Problem: All of the data should be repeated exactly; pictures are not part of the copy.

Dataset extract:
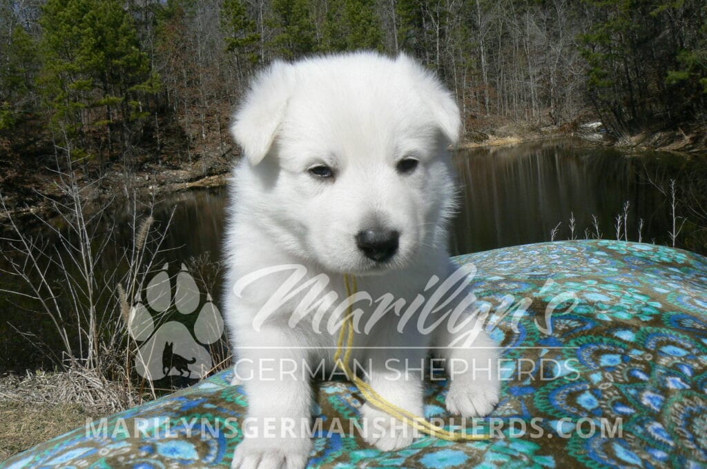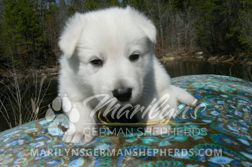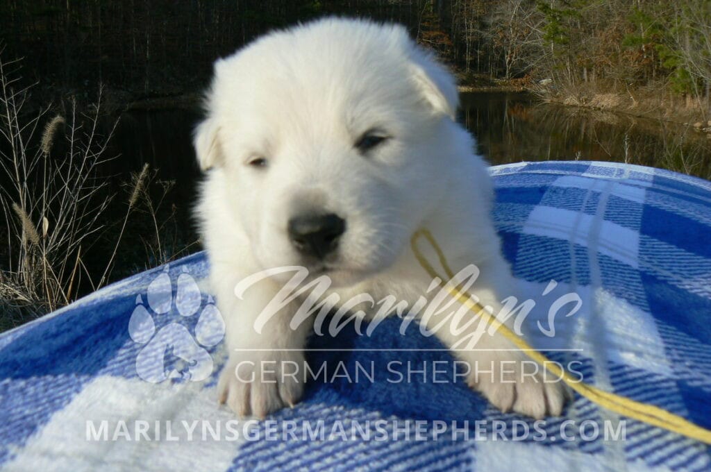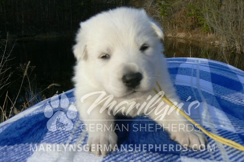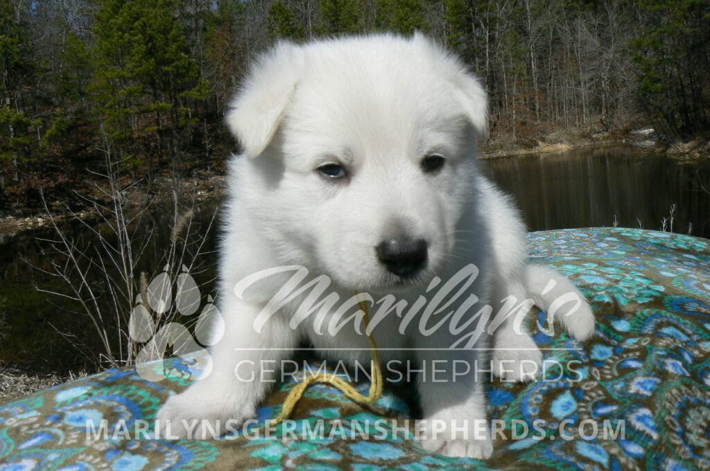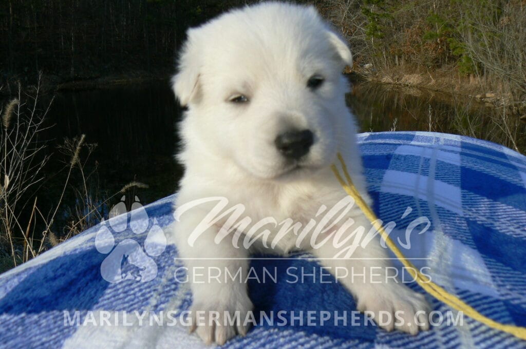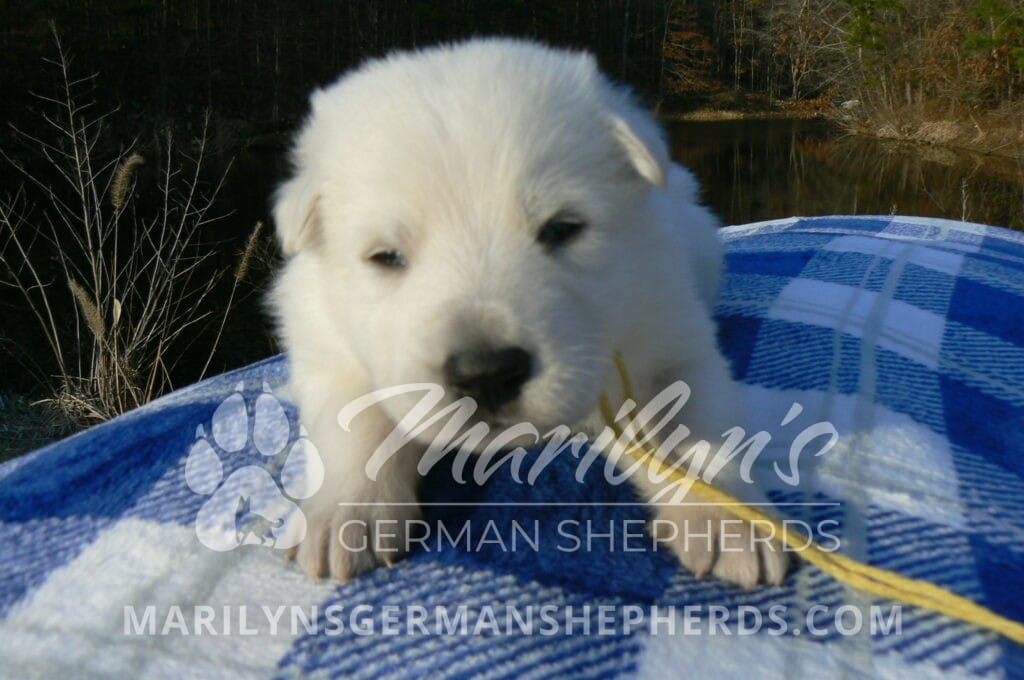 Miami’s Mr. Backyard Honeysuckle is a white male puppy born 1-29-26, priced at $1850.00 with a limited registration contract and a neuter contract. PayPal Later is available for a puppy payment option.  His registration is AKC, American Kennel Club. He has a laidback personality. He is a snuggle baby. He likes to be with people. He is a very friendly puppy. He likes to play with his mom, brothers and sister. He likes to be picked up and loved on. He has a soft white coat. He is priced as a short coat puppy but he might be a long coat puppy. It is too early to tell on the coat length. If he is a long coat puppy the price will be adjusted to add $100.00 to the puppy price. He looks like a little polar bear cub romping around with his siblings. He is a cutie. He is very alert and smart. He will bring warmth and comfort to your family. His mother is Miami, one of my black and tan moms. His father is Dragon, my white dad. He has a puppy replacement health guarantee on genetic issues until one year old. His shots and wormings are up to date and he has been vet checked. He comes with 30 days of pet insurance free for accidents and illnesses, that the new pet owner must activate. After the free 30 days you can keep the pet insurance or it will self cancel. He can be reserved for you with a $200.00 non-refundable deposit. I accept puppy payment through Paypal, Venmo, or Credit Card. He is available for puppy pick up March 26th. He can be shipped. Shipping is an additional cost of $680.00 which includes crate, airfare, and health certificate.  I fly my puppies on Fridays. He will make an amazing new addition to your family.
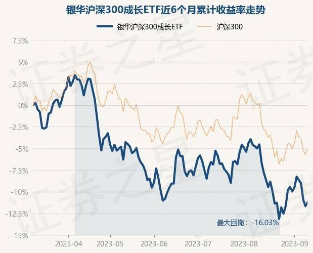 9月12日,银华沪深300成长ETF最新单位净值为0.8212元,累计净值为0.8212元,较前一交易日下跌0.21%。历史数据显示该基金近1个月下跌5.11%,近3个月下跌2.05%,近6个月下跌11.43%,近1年下跌18.1%。该基金近6个月的累计收益率走势如下图:
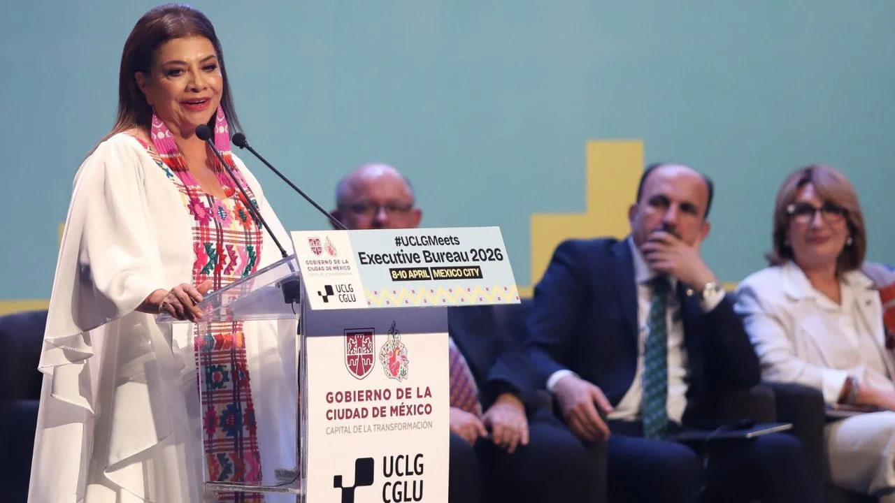 La Jefa de Gobierno, Clara Brugada, dio la bienvenida al Buró Ejecutivo 2026 de Ciudades y Gobiernos Locales Unidos (CGLU) en el Teatro de la Ciudad. El evento, celebrado del 8 al 10 de abril de 2026, contó con 140 representantes locales de 32 países. Durante su intervención, Brugada afirmó: “Desde la Ciudad de México, condenamos con firmeza, el uso o la amenaza de la fuerza, en las relaciones internacionales. Se equivocan quienes pretenden arrastrarnos de regreso a la guerra”. Asimismo, expresó: “Queremos un Mundial con juego limpio (…) un Mundial con derechos plenos para nuestro pueblo. Sin machismo, sin clasismo, sin racismo y sin discriminación. Así que bienvenidas y bienvenidos, todas las culturas y naciones, al Mundial”.
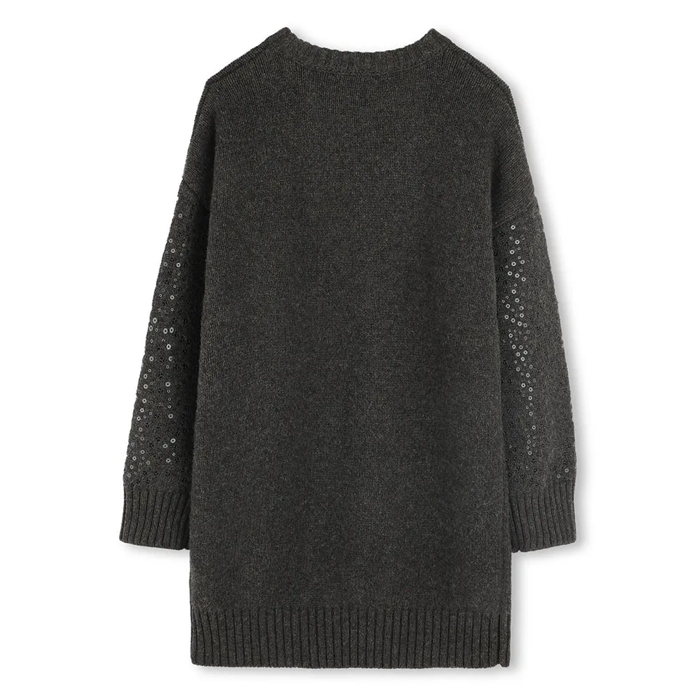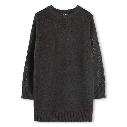 Enkel elegans möter lekfull charm i DKNY D62390-klänningen. Denna sofistikerade långärmade stickade klänning är designad för den unga fashionistan och erbjuder oöverträffad komfort i ett mjukt bomullsblandat tyg. Ett äkta "mini-me"-plagg som möjliggör chica koordinerade looks. Designen förhöjs med en touch av glamour från broderade paljetter som glittrar på ärmarna, medan en signatur-DKNY-metallplatta framtill bekräftar dess designerkvalitet. Perfekt för alla tillfällen är det ett stilfullt, varmt och bekvämt statement-plagg för hennes garderob

Solution for this task:
 Miami’s Mr. Backyard Honeysuckle is a white male puppy born 1-29-26, priced at $1850.00 with a limited registration contract and a neuter contract. PayPal Later is available for a puppy payment option.  His registration is AKC, American Kennel Club. He has a laidback personality. He is a snuggle baby. He likes to be with people. He is a very friendly puppy. He likes to play with his mom, brothers and sister. He likes to be picked up and loved on. He has a soft white coat. He is priced as a short coat puppy but he might be a long coat puppy. It is too early to tell on the coat length. If he is a long coat puppy the price will be adjusted to add $100.00 to the puppy price. He looks like a little polar bear cub romping around with his siblings. He is a cutie. He is very alert and smart. He will bring warmth and comfort to your family. His mother is Miami, one of my black and tan moms. His father is Dragon, my white dad. He has a puppy replacement health guarantee on genetic issues until one year old. His shots and wormings are up to date and he has been vet checked. He comes with 30 days of pet insurance free for accidents and illnesses, that the new pet owner must activate. After the free 30 days you can keep the pet insurance or it will self cancel. He can be reserved for you with a $200.00 non-refundable deposit. I accept puppy payment through Paypal, Venmo, or Credit Card. He is available for puppy pick up March 26th. He can be shipped. Shipping is an additional cost of $680.00 which includes crate, airfare, and health certificate.  I fly my puppies on Fridays. He will make an amazing new addition to your family.
 9月12日,银华沪深300成长ETF最新单位净值为0.8212元,累计净值为0.8212元,较前一交易日下跌0.21%。历史数据显示该基金近1个月下跌5.11%,近3个月下跌2.05%,近6个月下跌11.43%,近1年下跌18.1%。该基金近6个月的累计收益率走势如下图:
 La Jefa de Gobierno, Clara Brugada, dio la bienvenida al Buró Ejecutivo 2026 de Ciudades y Gobiernos Locales Unidos (CGLU) en el Teatro de la Ciudad. El evento, celebrado del 8 al 10 de abril de 2026, contó con 140 representantes locales de 32 países. Durante su intervención, Brugada afirmó: “Desde la Ciudad de México, condenamos con firmeza, el uso o la amenaza de la fuerza, en las relaciones internacionales. Se equivocan quienes pretenden arrastrarnos de regreso a la guerra”. Asimismo, expresó: “Queremos un Mundial con juego limpio (…) un Mundial con derechos plenos para nuestro pueblo. Sin machismo, sin clasismo, sin racismo y sin discriminación. Así que bienvenidas y bienvenidos, todas las culturas y naciones, al Mundial”.
 Enkel elegans möter lekfull charm i DKNY D62390-klänningen. Denna sofistikerade långärmade stickade klänning är designad för den unga fashionistan och erbjuder oöverträffad komfort i ett mjukt bomullsblandat tyg. Ett äkta "mini-me"-plagg som möjliggör chica koordinerade looks. Designen förhöjs med en touch av glamour från broderade paljetter som glittrar på ärmarna, medan en signatur-DKNY-metallplatta framtill bekräftar dess designerkvalitet. Perfekt för alla tillfällen är det ett stilfullt, varmt och bekvämt statement-plagg för hennes garderob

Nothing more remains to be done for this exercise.